Opponents of the road extension argue that building a four-lane road so close to the sports fields is dangerous and a health hazard to the smaller children who play on the field closest to where the road is proposed.
“It’s a four lane highway coming into a major intersection,” Wilson said. “They’re going to be backing up and then you look at the pollutants that are going to be coming from those cars and the wind blows down on our kids so our smallest children are going to be affected the most. I feel this puts a great spotlight on what our city values most. Do we value roads or do we value our children? What type of future do we want to have for our future generations?”
But according to Aeron Arlin Genet, manager of the planning and the outreach division for San Luis Obispo County Air Pollution Control District, many of the health concerns depend on the most common type of car that would be using the road and the expected daily traffic flow. She said the district has not seen any plans yet for Prado Road, but that some key issues will need to be addressed.
“The volume of traffic, the composure of the vehicle that will be using it,” Arlin Genet said. “Diesel versus gasoline, the distance from the park and where the children will be playing. At a first evaluation, just thinking about Prado Road versus (U.S.) Highway 101, Highway 101 has segments of the road that exceed the 50,000 vehicles per day threshold. I would really like to know from the city one way or another how it compares to the 50,000 traveled per day.”
As it stands, the air pollution control district has not seen plans for Prado Road so Arlin Genet said she could not say for sure if there are health hazards as a result of car emissions from the road being next to the sports fields.
However, in the Air Resource Board’s guidebook, “Air Quality and Land Use Handbook: A Community Health Perspective” the ARB reported a study done by the “American Journal of Respiratory and Critical Care Medicine” in 2001 that “asthma symptoms increased with proximity to roadways and the risk was greatest within 300 feet.”
Arlin Genet said that in comparison to other more populated cities in the state, San Luis Obispo County has a significantly lower air toxic cancer risk. Montgomery maintains that the Prado Road extension running on the north side of the Damon-Garcia Sports Fields is no different than streets that run alongside other parks in town.
“Has anybody died from air pollution at Meadow Park that we know of?” Montgomery said. “I don’t think they have any evidence to support that argument, I don’t think they have any backing from the Air Pollution Control District to support that argument.
“They’re just guessing and supposing and making it up as you go. If they had somebody from the Air Pollution Control District saying this is a serious significant concern, I might be listening.”
In city documents, the city said the extension would be approximately 70 feet from the bottom sports field, just six feet closer than Broad is to the fields. Furthermore, the city report stated that the road would be elevated similar to the fields at Laguna Middle School, which are bordered by Los Osos Valley Road.

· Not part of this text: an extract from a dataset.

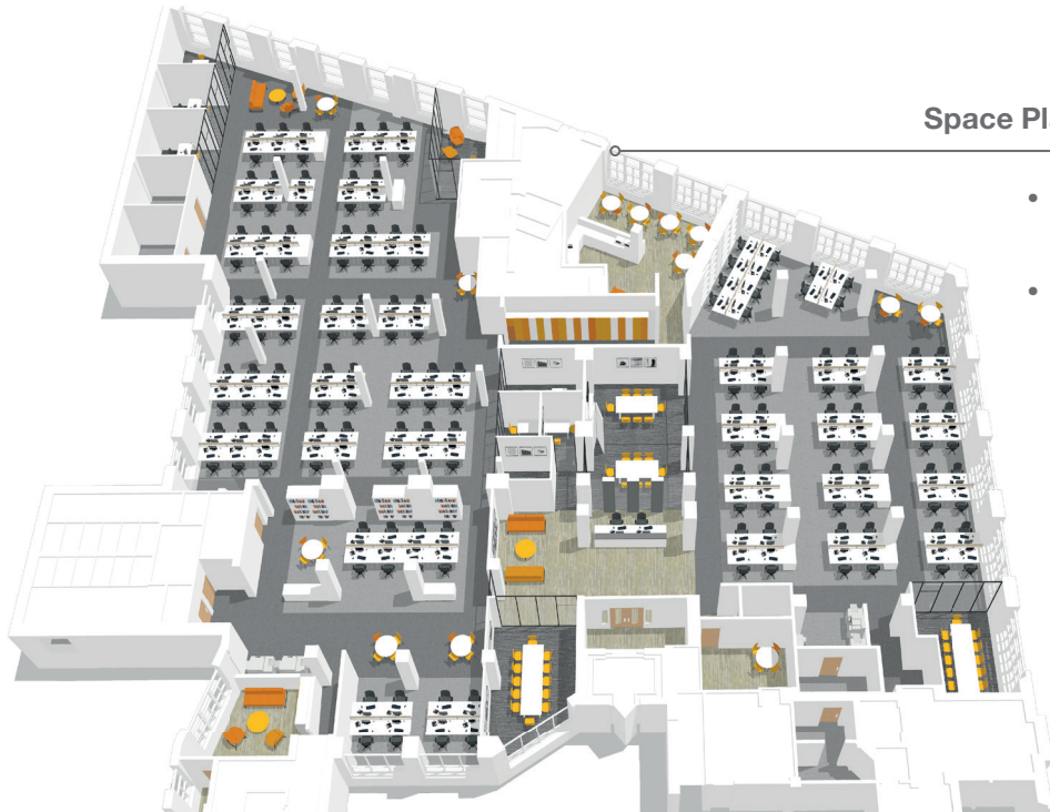
Floor 2 Space Plan 1:8 sq m

Also of concern for the extension opponents is a planned pedestrian underpass that would connect the south street hills open space with the sports fields. In an e-mail, Deputy Directory of Public Works Tim Bochum said the planned pedestrian underpass will be a minimum 8.5 feet high but that the city would like to “achieve as much as 12 feet depending upon the bridge type (depth of structure) that can be used for the road that goes over the pedestrian crossing.”
In the end, Wilson said a major reason why he is fighting the road is because he wants to preserve the beauty of San Luis Obispo.
“What do we value as a society?” Wilson said. “Do we value truck routes or do we value our children? We want to protect and preserve our parks and our space for future generations.”
Roy Garcia sees the situation differently.
“We figured we’re doing those people a great favor out here by having a ball park,” Roy Garcia said. “We did everything we thought was right and good for the people and the children, and why they’re saying it’s wrong, is beyond me.”